Em nenhum momento, eu disse que Alceu era homossexual, embora eu soubesse disso. Achei irrelevante. No caso, repito, eu precisava explicar que Nasser havia destruído a relação dele com Carmen. Dois parentes do artista me mandaram e-mails dos mais violentos, com ameaças de processo e mandar proibir o livro, além de insultos. Curiosamente, sou muito amigo de um sobrinho neto dele que gosta e aprova o livro. Fui acusado de fazer sensacionalismo e de inventar que o estilista era homossexual. Eu havia desonrado sua família, disseram, com essa mentira deslavada. Não baixei a guarda. Tratei com essas pessoas no mesmo tom de baixaria e desafiei que proibissem o livro. Acusei as duas pessoas de homofóbicas, por negarem a homossexualidade de um parente. Parei no momento em que palavrões ofensivos vieram do lado de lá. Lembro ter dito assim: “não ganhei merda nenhuma de dinheiro com esse livro, que foi feito para resgatar um personagem importante da nossa moda e da imprensa. Portanto, podem censurar o que quiser. Vão à merda.”
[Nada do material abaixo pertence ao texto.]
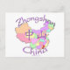 Zhongshan i provinsen Guangdong på ett färgat karta i China innehåller de kinesiska symbolerna för "Zhongshan" och dess placering är märkt på karta med ett hjärta och flagga. En vacker, unik adoptionsgåva till Chinan! Anpassa den med ett namn eller foto också! Designad av Hendrika of RedThreadMaps.com
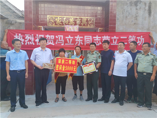 8月1日,淮陽區(qū)人武部負責人李保祥與該區(qū)退役軍人事務(wù)局局長董天祥等人一起,帶著二等功喜報及慰問金,專程趕往該區(qū)四通鎮(zhèn)葉莊行政村前馮橋村現(xiàn)役軍人馮立東家中。此時,村里鑼鼓隊敲響了,村民走出家門紛紛前來觀看,頓時贏得村民的一片喝彩及點贊聲。許多村民說:“孩子在部隊立功授獎,作為軍屬可真是光榮呀!”(記者孫安平 通訊員 張然 張航碩 攝影報道)
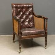 Mahonie bergère met lederen bekleding en rietbespanning, Engeland, regency, herkomst: Axel Vervoordt, Ref. 0699.083, juni 2003, 104 x 69 x 80 cm
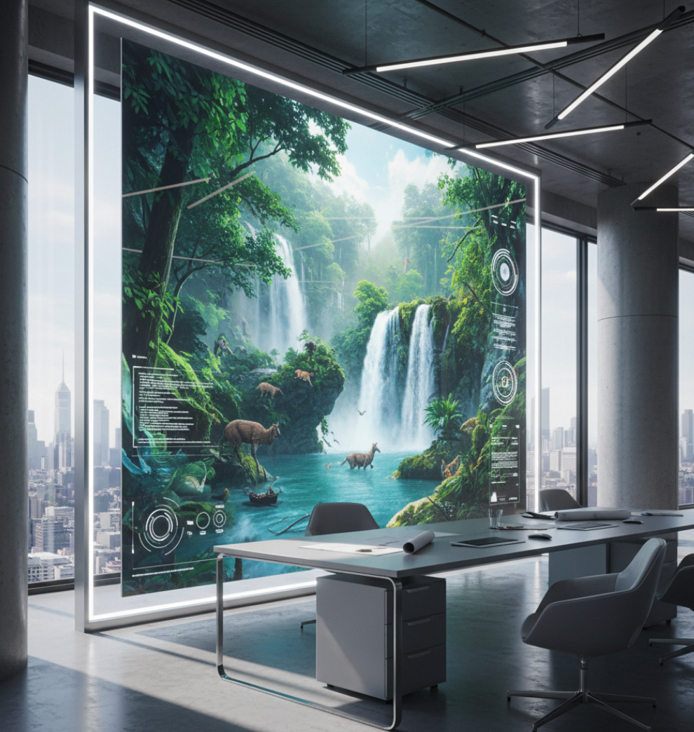 Обычное стекло превращается в огромный прозрачный сенсорный дисплей. Когда выключено — просто окно, когда включено — показывает погоду, календарь, 4K-видео природы или управляет умным домом. Жесты, голос — всё работает. Идеально для минималистичной квартиры или офиса в Москве или Питере.
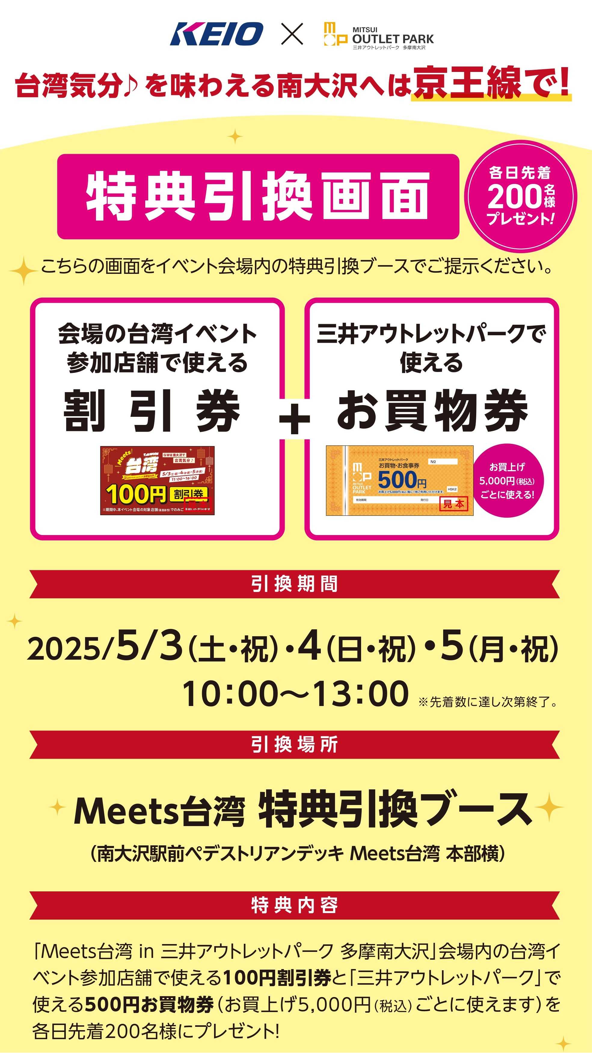 「京王線・井の頭線車内、各駅に掲出するポスターに記載された二次元コードを読み込んで表示された画面」または「京王アプリ配信投稿に記載のURLからアクセスし表示された画面」をイベント会場内特典引換ブースで提示すると、「Meets 台湾」とアウトレットで利用できる割引券・お買物券を各1枚プレゼントします。
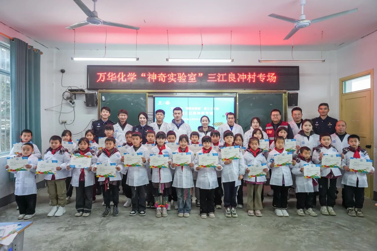 活動現(xiàn)場,神通科技旗下吉光品牌聚焦學(xué)生視力健康,不僅捐贈多臺護眼設(shè)備,還帶來實用的護眼知識科普,以專業(yè)力量守護孩子們的明亮雙眼;萬華化學(xué)也為孩子們準(zhǔn)備了多款自產(chǎn)環(huán)保材料打造的筆本套裝、日用水杯、羽毛球、頸枕及愛心書籍等物資,助力孩子健康成長。同時將公司大型化學(xué)科普項目 “神奇實驗室” 帶到現(xiàn)場,在高玉壯博士的帶領(lǐng)下,同學(xué)們在一個個簡單的實驗里,直觀感受化學(xué)與生活的緊密關(guān)聯(lián),沉浸體驗化學(xué)世界的奇妙魅力。

E ainda tenho que ler Paula Lavigne dizer que se ganha dinheiro com biografias no Brasil. Não é verdade. Tanto que conseguir editor é uma tarefa árdua. Elogiam a seriedade do meu trabalho, mas dizem que biografia não dá dinheiro. A propósito, alguém aí quer publicar a biografia do produtor de cinema e rei da dublagem Herbert Richers? Tá prontinho… E vai vender pra caralho, espero.


Comentários

Uma resposta para “Biografias: suicídios e homossexualismo nem pensar”

  1. Avatar de Luiza Penna de Andrade
    Luiza Penna de Andrade

    Olá, Gonçalo! Ainda bem que a vida e as pessoas mudam, muitas vezes para melhor. Vamos focar no presente e no futuro da grande obra de Alceu Penna, tão bem exposta no seu livro. Abraço.